::: Recorded data

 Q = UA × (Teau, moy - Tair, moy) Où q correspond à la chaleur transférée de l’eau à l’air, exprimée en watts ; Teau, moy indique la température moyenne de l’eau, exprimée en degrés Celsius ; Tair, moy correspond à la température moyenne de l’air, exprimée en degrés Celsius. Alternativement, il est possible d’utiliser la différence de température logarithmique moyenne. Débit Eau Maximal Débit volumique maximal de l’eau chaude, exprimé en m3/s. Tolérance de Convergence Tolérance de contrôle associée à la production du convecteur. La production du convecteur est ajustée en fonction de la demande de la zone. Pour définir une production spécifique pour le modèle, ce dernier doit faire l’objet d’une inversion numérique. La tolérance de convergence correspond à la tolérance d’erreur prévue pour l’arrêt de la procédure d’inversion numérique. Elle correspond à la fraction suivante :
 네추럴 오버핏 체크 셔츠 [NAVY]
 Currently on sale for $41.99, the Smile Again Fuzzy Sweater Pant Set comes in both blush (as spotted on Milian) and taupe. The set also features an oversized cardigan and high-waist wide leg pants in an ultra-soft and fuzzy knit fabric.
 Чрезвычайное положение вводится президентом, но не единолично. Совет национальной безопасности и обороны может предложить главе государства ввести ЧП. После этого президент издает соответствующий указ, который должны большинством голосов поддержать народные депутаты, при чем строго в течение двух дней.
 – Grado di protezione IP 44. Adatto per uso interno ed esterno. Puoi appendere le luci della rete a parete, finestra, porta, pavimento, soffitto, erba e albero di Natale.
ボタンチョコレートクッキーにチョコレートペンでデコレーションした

::::::
::: Recorded data

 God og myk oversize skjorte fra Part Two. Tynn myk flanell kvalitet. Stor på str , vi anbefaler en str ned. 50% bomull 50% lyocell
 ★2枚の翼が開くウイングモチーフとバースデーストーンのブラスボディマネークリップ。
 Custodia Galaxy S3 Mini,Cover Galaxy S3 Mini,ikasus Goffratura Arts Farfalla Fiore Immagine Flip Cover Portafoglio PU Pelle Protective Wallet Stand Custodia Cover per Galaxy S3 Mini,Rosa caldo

::::::

■ Exercise prompt ■
In the listing above, locate the line containing "Q = UA × (Teau, moy" and the line containing "Currently on sale". Transcribe those two lines and everything between them, exactly as written.

■ Output for this task ■
 Q = UA × (Teau, moy - Tair, moy) Où q correspond à la chaleur transférée de l’eau à l’air, exprimée en watts ; Teau, moy indique la température moyenne de l’eau, exprimée en degrés Celsius ; Tair, moy correspond à la température moyenne de l’air, exprimée en degrés Celsius. Alternativement, il est possible d’utiliser la différence de température logarithmique moyenne. Débit Eau Maximal Débit volumique maximal de l’eau chaude, exprimé en m3/s. Tolérance de Convergence Tolérance de contrôle associée à la production du convecteur. La production du convecteur est ajustée en fonction de la demande de la zone. Pour définir une production spécifique pour le modèle, ce dernier doit faire l’objet d’une inversion numérique. La tolérance de convergence correspond à la tolérance d’erreur prévue pour l’arrêt de la procédure d’inversion numérique. Elle correspond à la fraction suivante :
 네추럴 오버핏 체크 셔츠 [NAVY]
 Currently on sale for $41.99, the Smile Again Fuzzy Sweater Pant Set comes in both blush (as spotted on Milian) and taupe. The set also features an oversized cardigan and high-waist wide leg pants in an ultra-soft and fuzzy knit fabric.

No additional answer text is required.